- Directed by: Zaida Bergroth
- Written by: Jan Forsström
- Produced by: Nicole Gerhards; Jarkko Hentula; Hanneke M. van der Tas;
- Starring: Lauri Tilkanen; Iiro Panula; Ilmari Järvenpää; Onni Tommila; Leea Klemola; Martti Suosalo;
- Edited by: Niels Pagh Andersen
- Music by: Alexander Hacke
- Production company: Juonifilmi Oy
- Release date: 4 September 2009;
- Running time: 126 minutes
- Country: Finland
- Language: Finnish

= Skavabölen pojat =

Skavabölen pojat (Finnish for "the boys from Skavaböle/Hyrylä") is a 2009 Finnish drama film. It was directed by Zaida Bergroth and based on a play by the same name, written by Antti Raivio in 1991 and performed at Q-teatteri in the 1990s. Skavabölen pojat is a story about two brothers, growing from children to adults, from the early 1970s to the early 1980s, in Grankulla/Kauniainen and Skavaböle/Hyrylä in the Greater Helsinki Area.

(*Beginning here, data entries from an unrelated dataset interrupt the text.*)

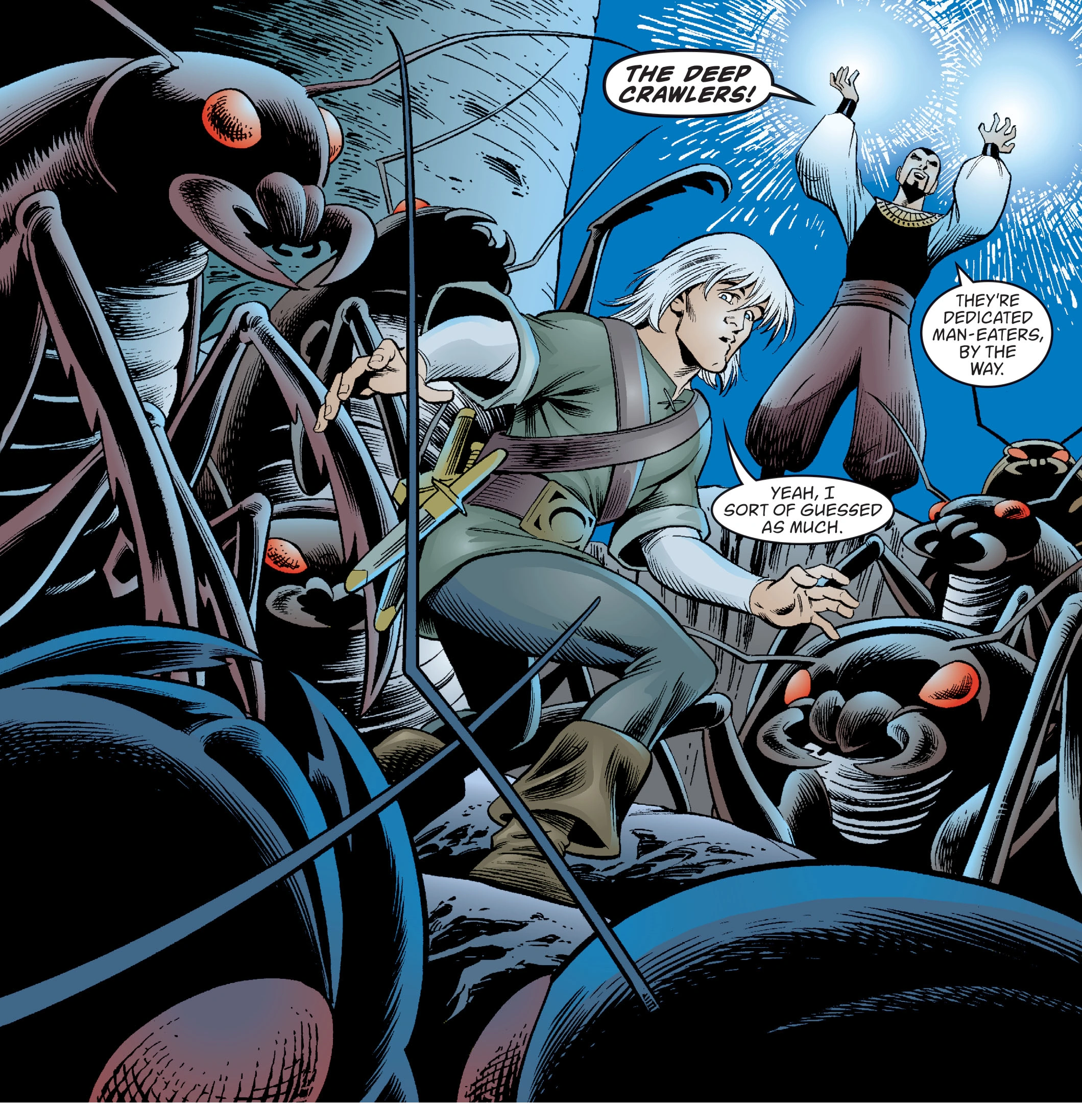 | The deep crawlers appear in Jack of Fables #40 — "Jack Dragon: The New Adventures of Jack and Jack, Part 4 of 4." They are large and monstrous insects the size of a hay cart, that live underground. With their formidable jaws capable of tearing into human flesh, they are known to devour humans. Deep crawlers were summoned in a horde by a sorcerer to attack Jack Frost. | |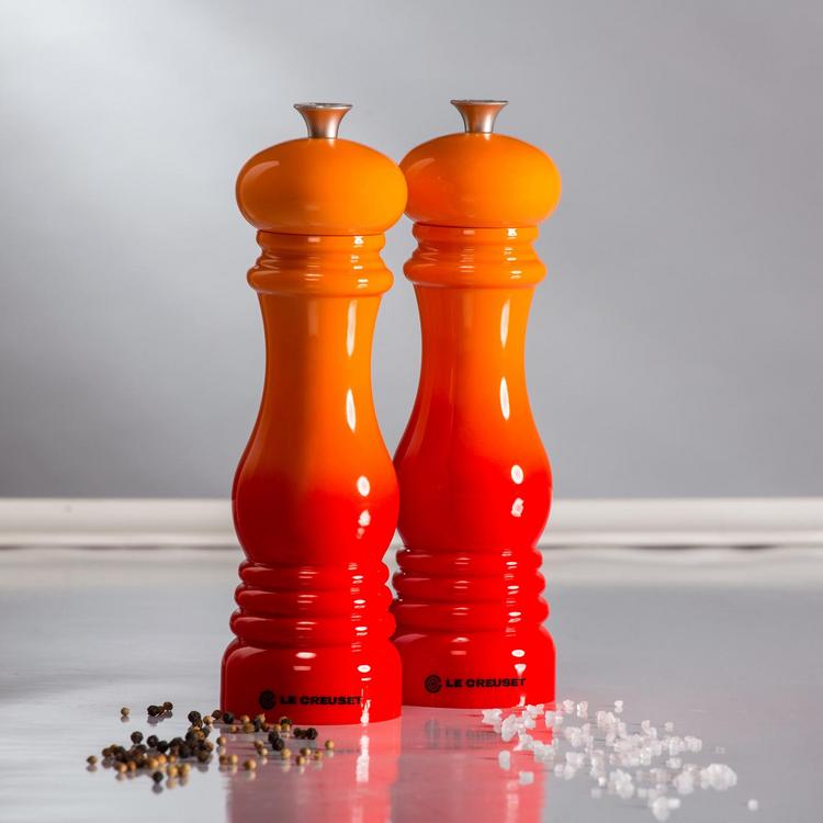 These salt mills combine classic form and modern technology with their iconic colors. The ceramic grinder is strong enough to crack peppercorns and corrosion-resistant for grinding salt. Adjust the grind setting with a turn of the knob-clockwise for a finer ground and counterclockwise for a coarser grind.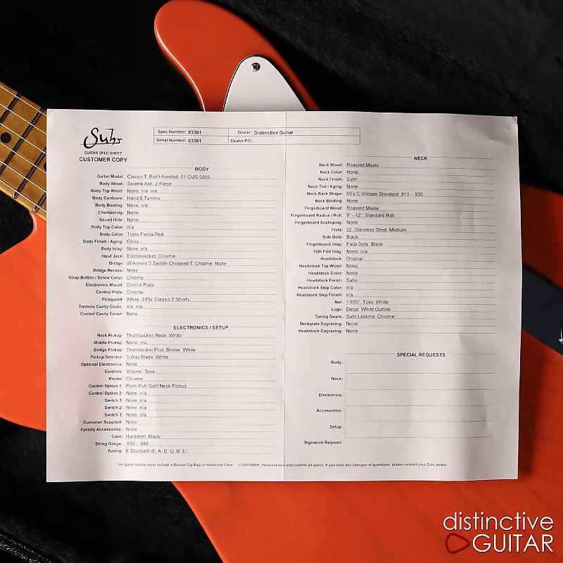 Этот Suhr Classic T Custom сочетает в себе традиционный внешний вид с современным звуком и удобством игры. Его гриф Roasted Maple и великолепная отделка Fiesta Red действительно помогают этой гитаре выделиться из толпы. Этот Swamp Ash T резонирует, когда он отключен от сети, и кричит, когда он подключен к сети, благодаря потрясающим звукоснимателям Thornbucker. Универсальность является ключевым фактором для любого T-образа, и этот делает еще один шаг вперед с помощью ручки с раздельной катушкой для некового звукоснимателя. Эта гитара идеально сочетается с вашим 5-ваттным усилителем или 100-ваттным полным стеком!
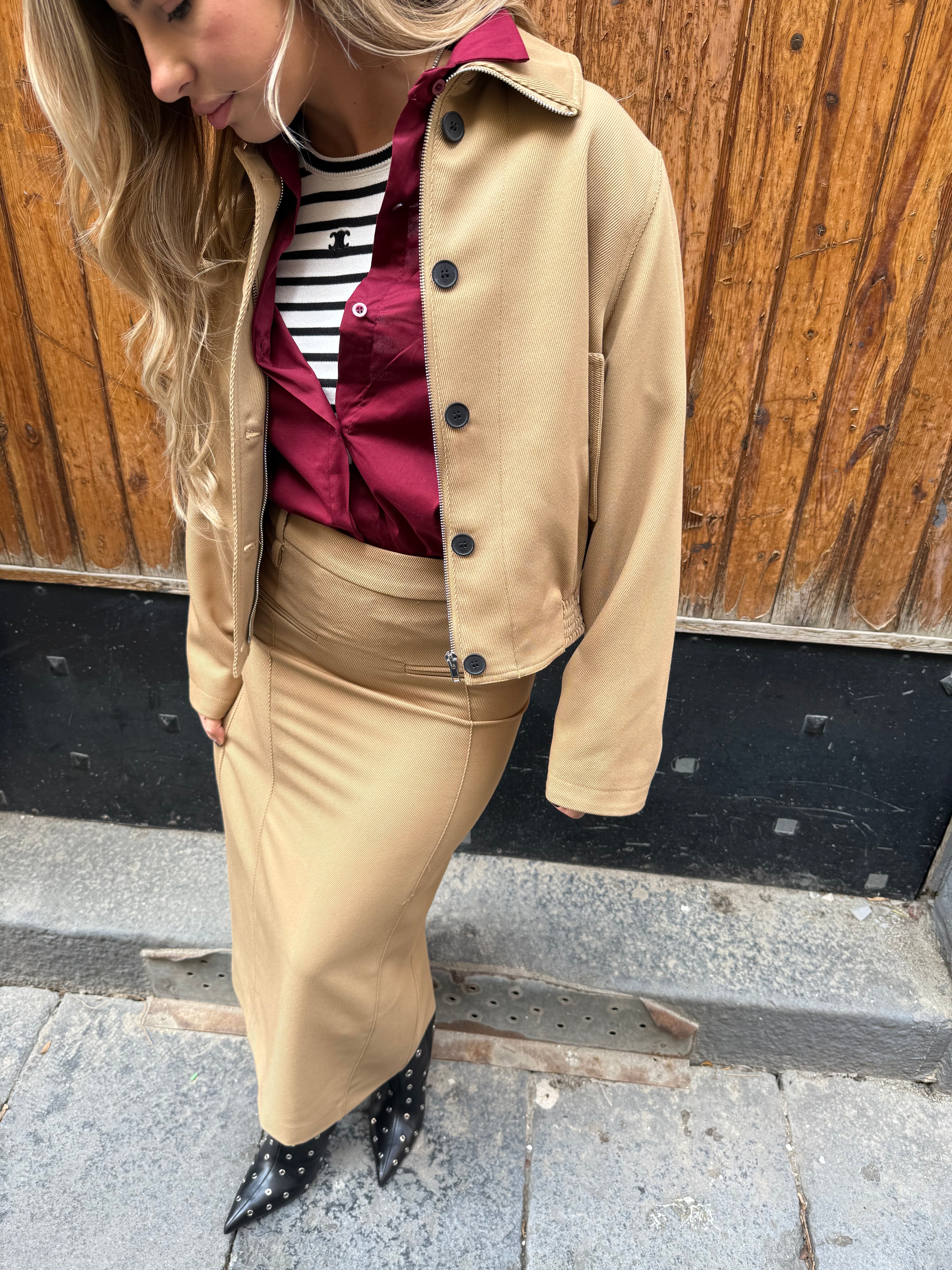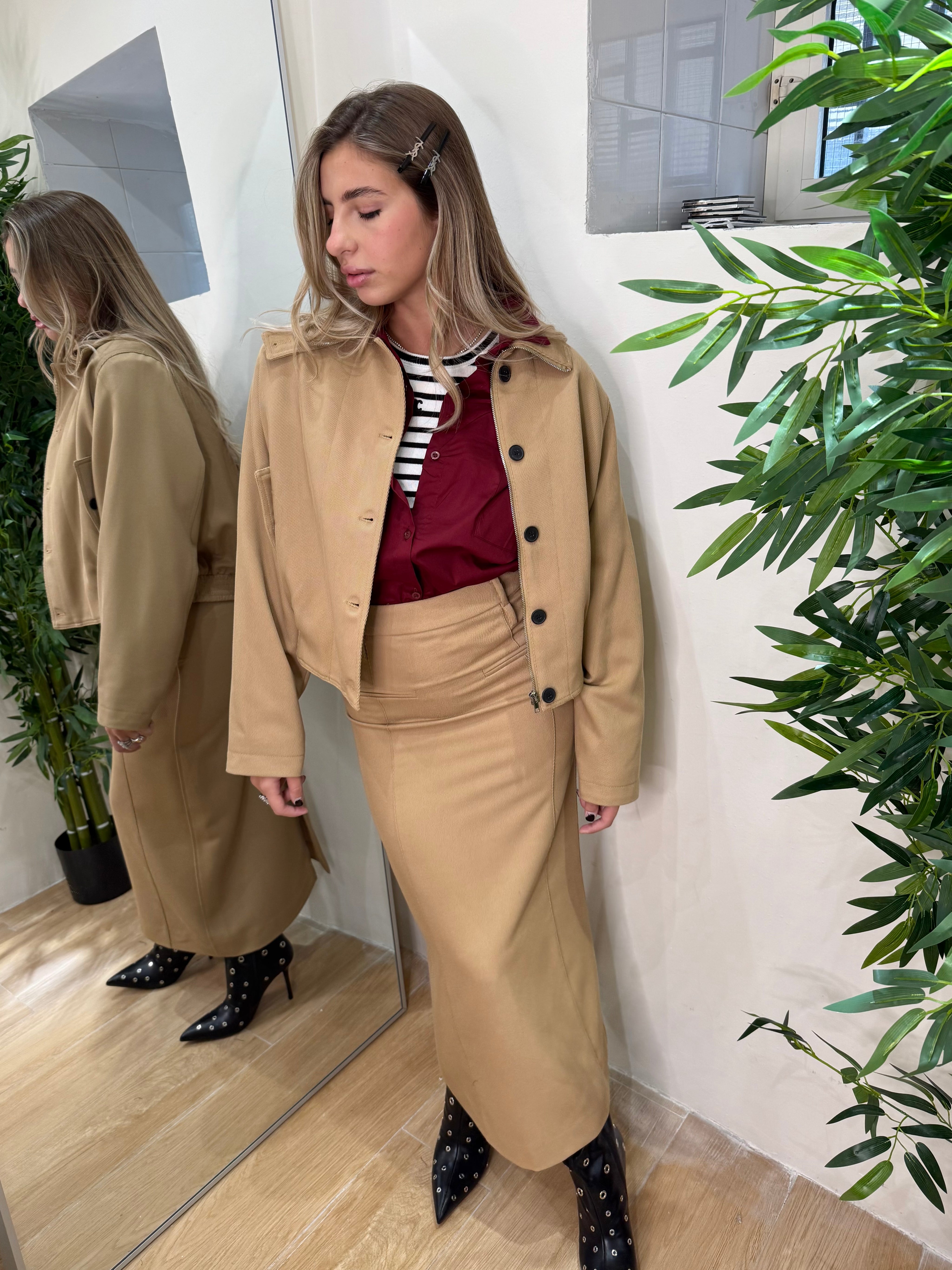 Sira è una gonna lunga dal design elegante e rigoroso, pensata per chi ama uno stile minimal ma deciso. Il tessuto Lumina beige conferisce un effetto luminoso e raffinato, mentre il taglio pulito e lineare sottolinea la perfezione della silhouette.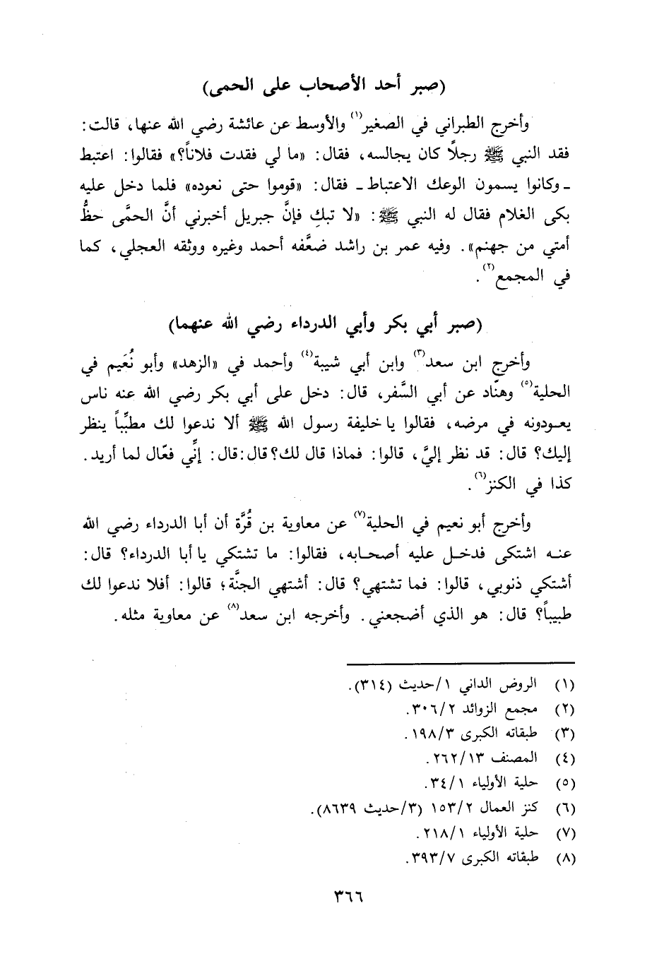 وأخرج ابن سعد وابن أبي شيبة وأحمد في الزهد وأبو نُعَيم في الحلية وهنّاد عن أبي السَّفر قال: دخل على أبي بكر رضي الله عنه ناس يعودونه في مرضه، فقالوا يا خليفة رسول الله صلى الله عليه وسلم ألا ندعو لك مطيِّباً ينظر إليك؟ قال: قد نظر إليَّ، قالوا: فماذا قال لك؟ قال قال: إنِّي فعّال لما أريد. كذا في الكنزل، وأخرج أبو نعيم في الحلية عن معاوية بن قُرَّة أن أبا الدرداء رضي الله عنه اشتكى فدخل عليه أصحابه فقالوا: ما تشتكي يا أبا الدرداء؟ قال: أشتكي ذنوبي، قالوا: فما تشتهي؟ قال: أشتهي الجنَّة؛ قالوا: أفلا ندعو لك طبيباً؟ قال: هو الذي أضعجني. وأخجره ابن سعد عن معاوية مثله.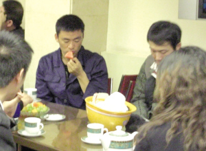 王寶強在旁邊的椅子上坐著,而之后,服務員把一個果盤端到桌子上,幾個演員也全部坐了下來,王寶強還是不吭聲,默默地拿起牙簽吃水果,馮鞏和閻學晶則在交流本子,偶爾馮鞏會交代王寶強幾句,王寶強就顧著點頭,然后繼續(xù)吃。

The film was awarded the Flash Forward prize at the Busan International Film Festival in South Korea.

==Plot==
The film varies between the "present" in the early 1980s, and the brothers' childhood in the early 1970s.

==Cast==
- Ilmari Järvenpää as Rupert Kallio
- Onni Tommila as Evert
- Lauri Tilkanen
- Iiro Panula
- Leea Klemola (mother)
- Martti Suosalo (father)
- Elina Knihtilä
- Tommi Korpela
- Sulevi Peltola
- Henriikka Salo
- Eila Roine

==Reception==
In the film review column in the Helsingin Sanomat weekly supplement Nyt, four critics gave the film an average score of 3.3 out of 5.